Prices are daily closing prices from Yahoo Finance and may be delayed. For the live quote, check your broker or Argan, Inc.'s investor relations page. Walnut is informational, not investment advice.

What does Argan, Inc. (AGX) do?

Argan, Inc. is an Arlington, Virginia holding company that provides construction and related services to the power industry, mainly through its Gemma Power Systems (GPS) subsidiary and its Ireland-based Atlantic Projects Company (APC). Gemma has installed roughly 20 GW of capacity across combined-cycle and simple-cycle natural-gas plants, biomass, solar and wind, and is one of a shrinking group of EPC firms with the balance sheet and risk appetite for large, complex power projects. Argan also runs a smaller industrial-services unit (The Roberts Company) and a telecom-infrastructure unit (SMC), but power EPC is the engine.

The investment picture centers on the surge in US electricity demand from data centers, electrification and reshoring, which has revived orders for gas-fired baseload plants that Gemma specializes in. Argan reported record fiscal 2026 revenue of ~$944.6 million (fiscal year ended January 2026) with expanding margins, then followed with a ~50% revenue jump in the first quarter of fiscal 2027, all funded by nearly $1 billion of cash and investments and zero debt. The counterweight is valuation: after a large run, the stock trades at a premium earnings multiple, so the setup rewards continued backlog conversion and new awards while punishing any project cost overrun, cancellation or cyclical pause.
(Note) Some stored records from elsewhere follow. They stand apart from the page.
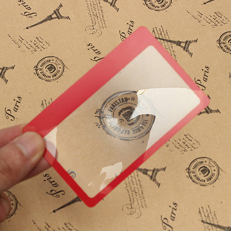 This product is ultra-thin portable magnifying glass. When you reading newspapers not very clearly, then you can use it. It's very suitable for middle-aged or old people whose eyes can't cee clearly. It has moderately multiples (magnification) , easy to carry, can put in the purse, wallet, do not take a place. It is very practical necessities in home repair, traveling, collecting stamps and presbyopia reading.
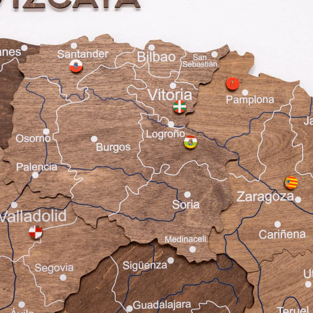 19 kleepuvat fiberwood-märki Hispaania autonoomsete ühenduste lippudega, käsitöö ja ohutu kasutus, kõik märgid ühel plaadil.
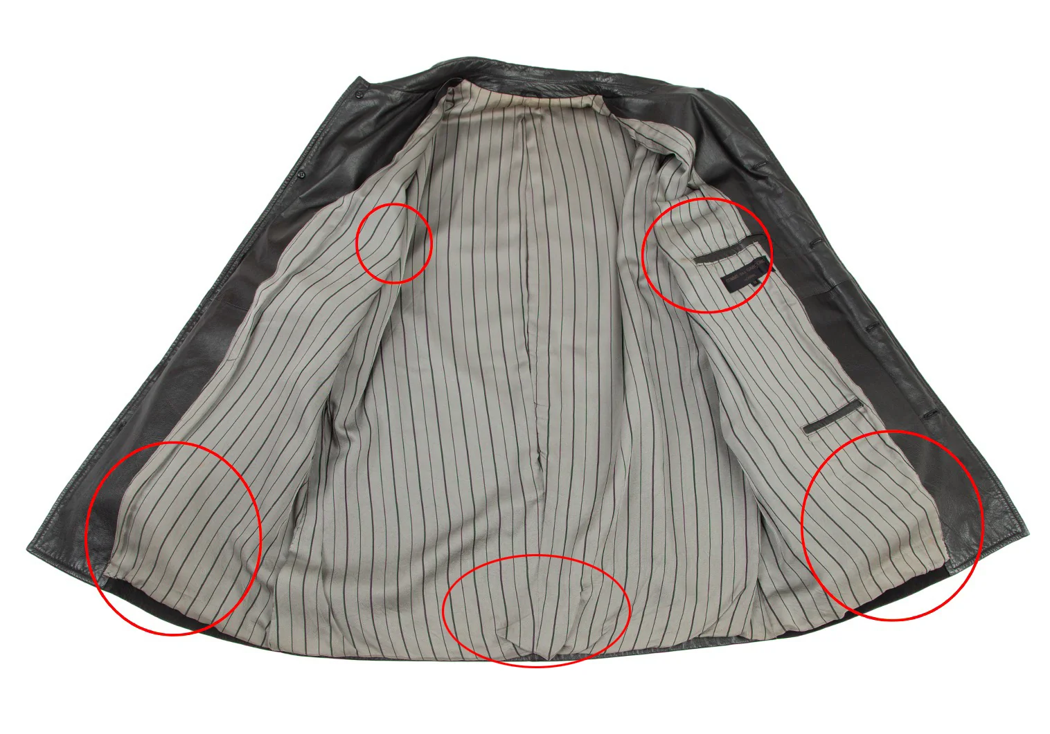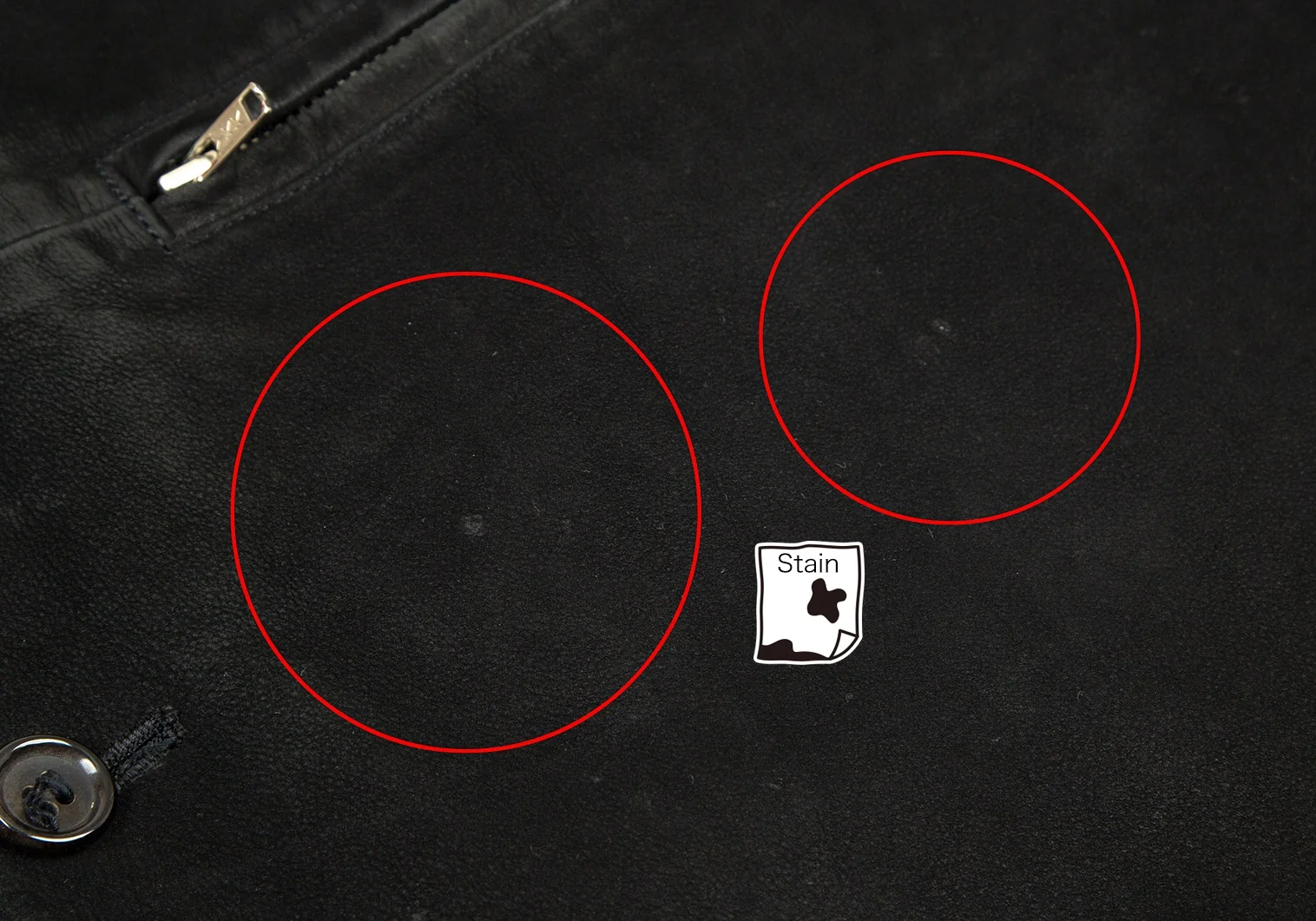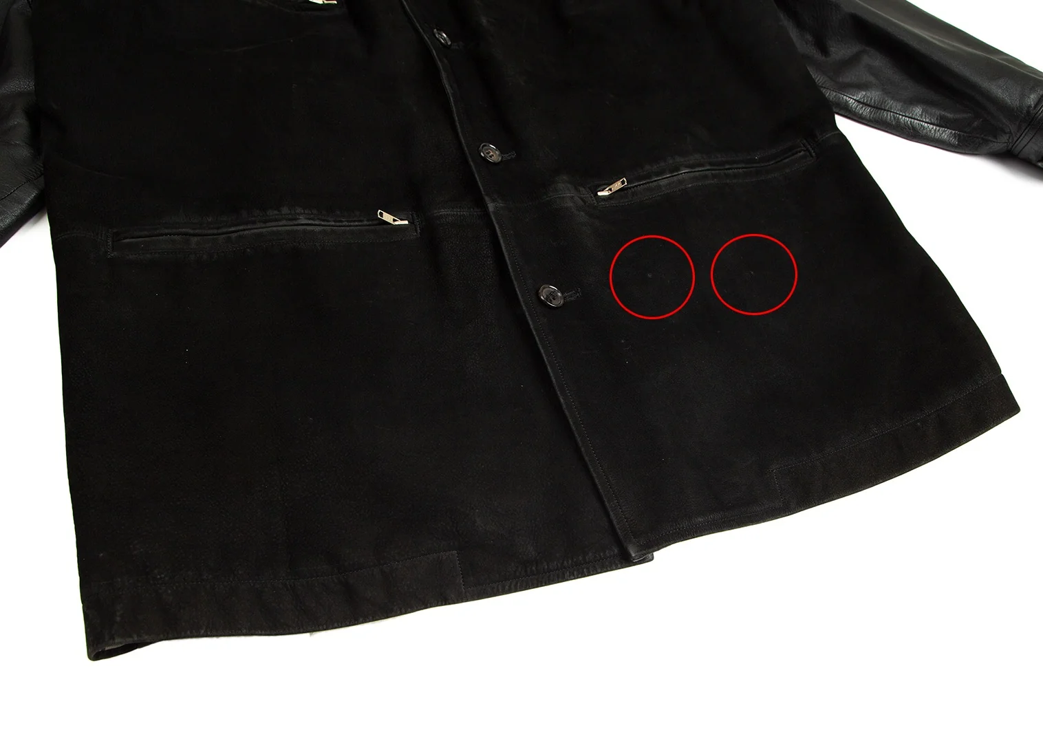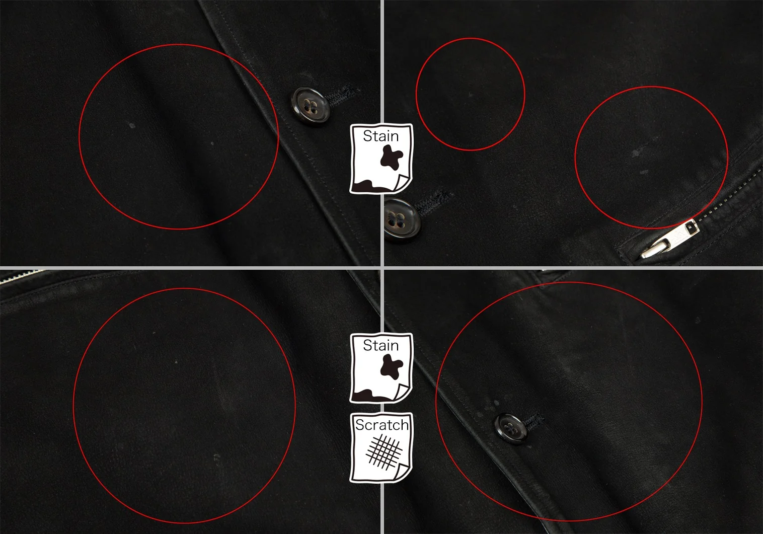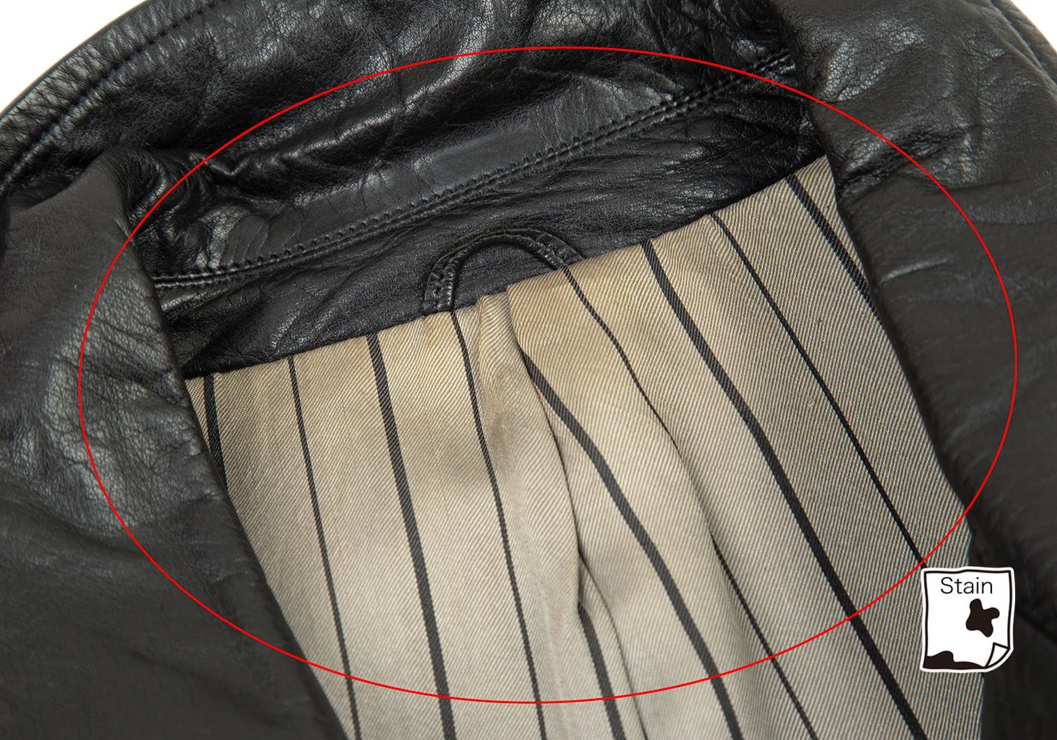 首裏・袖裏・裏地全体にシミ多数、前身頃に汚れ・スレ、前裾に汚れがあります(画像参照)。その他目立ったシミ、汚れ、ほつれ等ありません。クリーニング済み

What's driving Argan, Inc. (AGX)?

1. US power-demand supercycle

Data-center, electrification and reshoring load growth has flipped US electricity demand from flat to rising, reviving orders for the natural-gas combined-cycle plants Gemma builds. Recent awards include a 1,350 MW CPV Basin Ranch center in Texas, and management has pointed to a robust pipeline of gas and renewable opportunities.

2. Record backlog and margin expansion

Project backlog stood at roughly $2.8 billion as of April 2026, up sharply year over year, giving multi-year revenue visibility. Gross margins have widened into the ~20-21% range, high for EPC work, reflecting favorable contract mix and disciplined project execution.

3. Fortress balance sheet

Argan ended the first quarter of fiscal 2027 with roughly $973.6 million of cash and investments and no debt. That liquidity lets it bond large contracts, absorb project risk, pay a growing dividend and buy back stock without relying on capital markets.

4. Consolidated, high-barrier competitive field

Industry shakeouts (with firms like Skanska exiting US power EPC after losses) have thinned the field of contractors willing and able to take on complex fixed-price power projects. That scarcity supports Gemma's pricing power and win rate on the projects it pursues.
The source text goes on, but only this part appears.